EXERCISE DATA section start

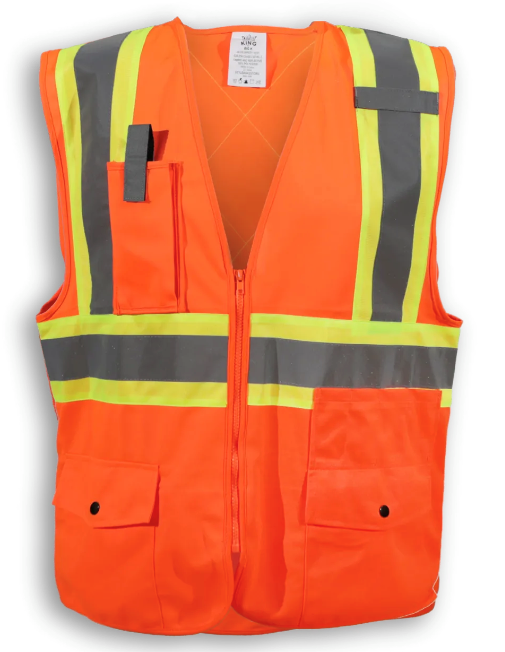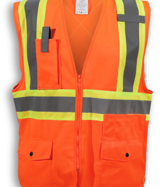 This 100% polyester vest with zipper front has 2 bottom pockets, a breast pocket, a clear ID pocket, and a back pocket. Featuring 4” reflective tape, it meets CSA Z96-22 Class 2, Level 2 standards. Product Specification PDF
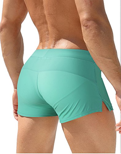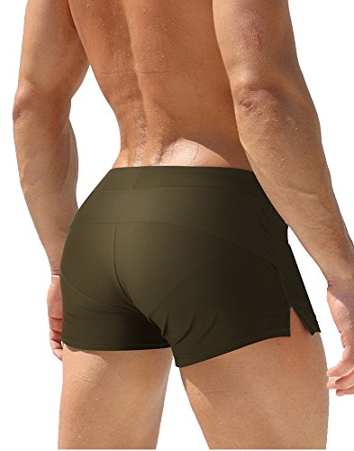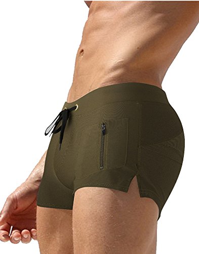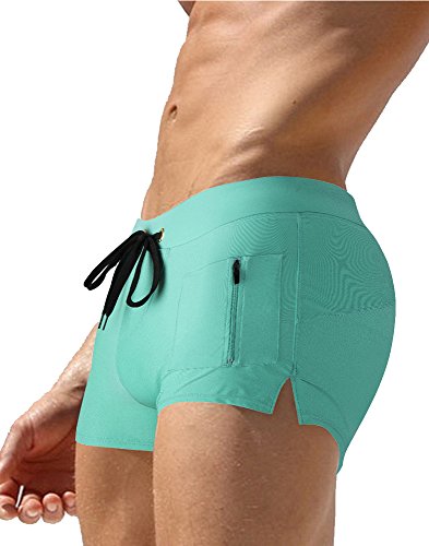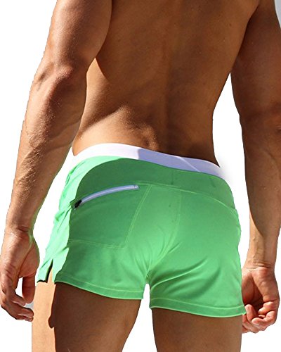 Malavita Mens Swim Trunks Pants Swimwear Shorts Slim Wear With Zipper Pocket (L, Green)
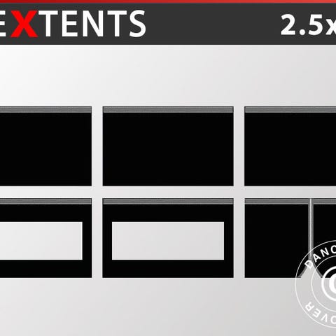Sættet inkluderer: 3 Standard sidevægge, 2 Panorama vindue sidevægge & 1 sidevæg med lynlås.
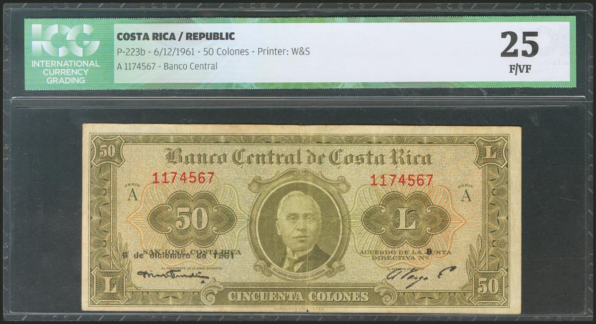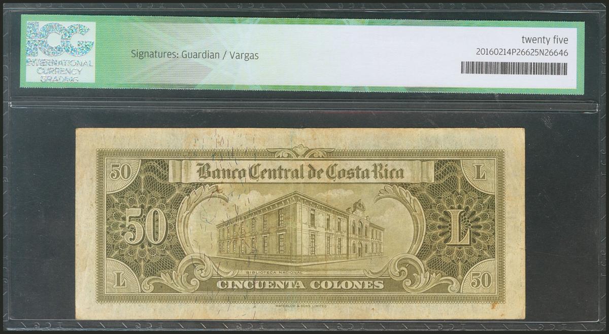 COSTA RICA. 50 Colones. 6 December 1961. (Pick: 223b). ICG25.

EXERCISE DATA section end
EXERCISE DATA section start

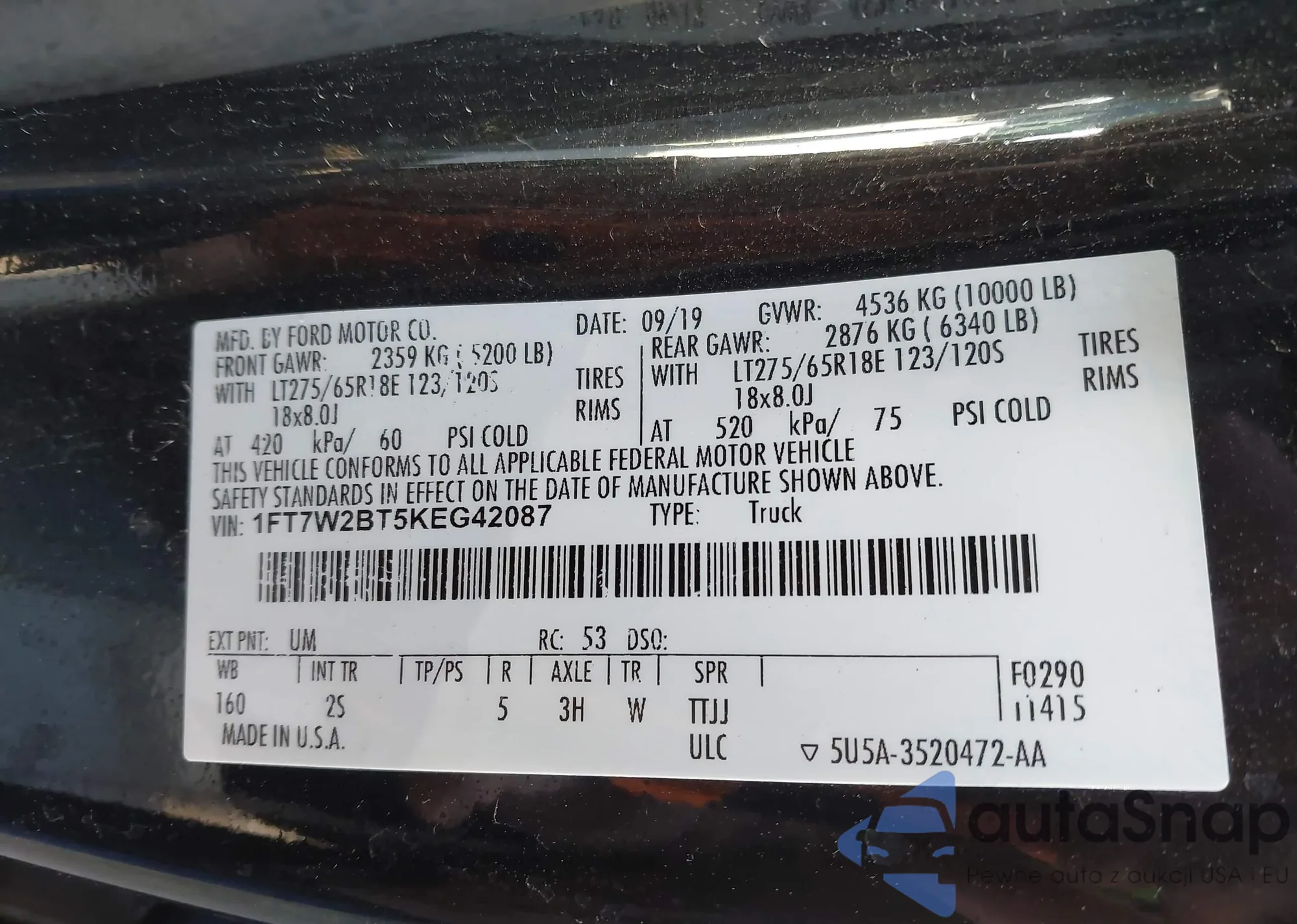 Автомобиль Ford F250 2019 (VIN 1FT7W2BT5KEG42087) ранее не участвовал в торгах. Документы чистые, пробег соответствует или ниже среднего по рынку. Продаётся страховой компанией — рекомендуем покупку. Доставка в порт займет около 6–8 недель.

EXERCISE DATA section end

= PROBLEM =
In the material above, which lines fall between the one holding "This 100% polyester" and the one holding "COSTA RICA. 50", inclusive? Print exactly those, with the pictures left out.

= REPLY TO THE EXERCISE =
 This 100% polyester vest with zipper front has 2 bottom pockets, a breast pocket, a clear ID pocket, and a back pocket. Featuring 4” reflective tape, it meets CSA Z96-22 Class 2, Level 2 standards. Product Specification PDF
 Malavita Mens Swim Trunks Pants Swimwear Shorts Slim Wear With Zipper Pocket (L, Green)
Sættet inkluderer: 3 Standard sidevægge, 2 Panorama vindue sidevægge & 1 sidevæg med lynlås.
 COSTA RICA. 50 Colones. 6 December 1961. (Pick: 223b). ICG25.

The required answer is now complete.